EXTRACTED MATERIAL ::
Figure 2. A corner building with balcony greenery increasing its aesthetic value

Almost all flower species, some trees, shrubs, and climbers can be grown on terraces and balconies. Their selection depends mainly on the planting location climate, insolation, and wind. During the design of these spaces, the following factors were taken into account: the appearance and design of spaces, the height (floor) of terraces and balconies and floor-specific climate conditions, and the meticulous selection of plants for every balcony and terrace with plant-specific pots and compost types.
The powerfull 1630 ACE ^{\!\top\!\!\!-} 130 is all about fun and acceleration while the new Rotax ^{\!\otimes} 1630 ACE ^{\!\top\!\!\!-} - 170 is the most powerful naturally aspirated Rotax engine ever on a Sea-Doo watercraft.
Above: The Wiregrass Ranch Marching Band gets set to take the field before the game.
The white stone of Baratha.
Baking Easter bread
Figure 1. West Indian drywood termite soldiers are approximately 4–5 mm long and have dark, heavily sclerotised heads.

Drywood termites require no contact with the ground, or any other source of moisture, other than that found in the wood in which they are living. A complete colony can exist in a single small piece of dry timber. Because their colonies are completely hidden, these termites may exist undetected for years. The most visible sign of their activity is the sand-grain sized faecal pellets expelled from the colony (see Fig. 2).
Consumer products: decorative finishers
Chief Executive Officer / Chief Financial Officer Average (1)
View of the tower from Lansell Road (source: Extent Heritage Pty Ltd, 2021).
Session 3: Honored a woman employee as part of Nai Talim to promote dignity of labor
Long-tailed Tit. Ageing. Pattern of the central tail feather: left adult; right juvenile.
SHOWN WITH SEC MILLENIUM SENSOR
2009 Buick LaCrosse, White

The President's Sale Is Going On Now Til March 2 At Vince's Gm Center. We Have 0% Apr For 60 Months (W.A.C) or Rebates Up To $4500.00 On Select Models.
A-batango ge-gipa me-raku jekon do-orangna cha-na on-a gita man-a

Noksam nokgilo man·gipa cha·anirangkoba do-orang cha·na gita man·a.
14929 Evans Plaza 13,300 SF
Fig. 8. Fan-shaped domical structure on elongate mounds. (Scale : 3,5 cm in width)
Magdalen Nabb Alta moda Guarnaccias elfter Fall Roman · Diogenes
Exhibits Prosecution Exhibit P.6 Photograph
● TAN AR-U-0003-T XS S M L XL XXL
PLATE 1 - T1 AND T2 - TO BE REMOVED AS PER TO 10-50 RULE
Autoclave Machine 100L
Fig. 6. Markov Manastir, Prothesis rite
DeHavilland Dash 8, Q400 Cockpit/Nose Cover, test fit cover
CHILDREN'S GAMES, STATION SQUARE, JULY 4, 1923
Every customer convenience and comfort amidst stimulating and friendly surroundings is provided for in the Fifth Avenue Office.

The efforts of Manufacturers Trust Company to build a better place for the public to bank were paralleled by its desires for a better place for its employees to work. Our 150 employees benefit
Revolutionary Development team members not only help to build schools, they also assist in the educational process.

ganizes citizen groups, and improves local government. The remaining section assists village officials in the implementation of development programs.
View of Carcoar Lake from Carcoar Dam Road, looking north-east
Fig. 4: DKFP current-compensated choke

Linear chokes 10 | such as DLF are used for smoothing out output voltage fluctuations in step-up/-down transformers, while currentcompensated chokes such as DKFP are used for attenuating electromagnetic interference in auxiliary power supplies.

TASK TO CARRY OUT ::
The answer must consist of every line from the entries above that contains "View".

SOLVED EXERCISE ::
View of the tower from Lansell Road (source: Extent Heritage Pty Ltd, 2021).
View of Carcoar Lake from Carcoar Dam Road, looking north-east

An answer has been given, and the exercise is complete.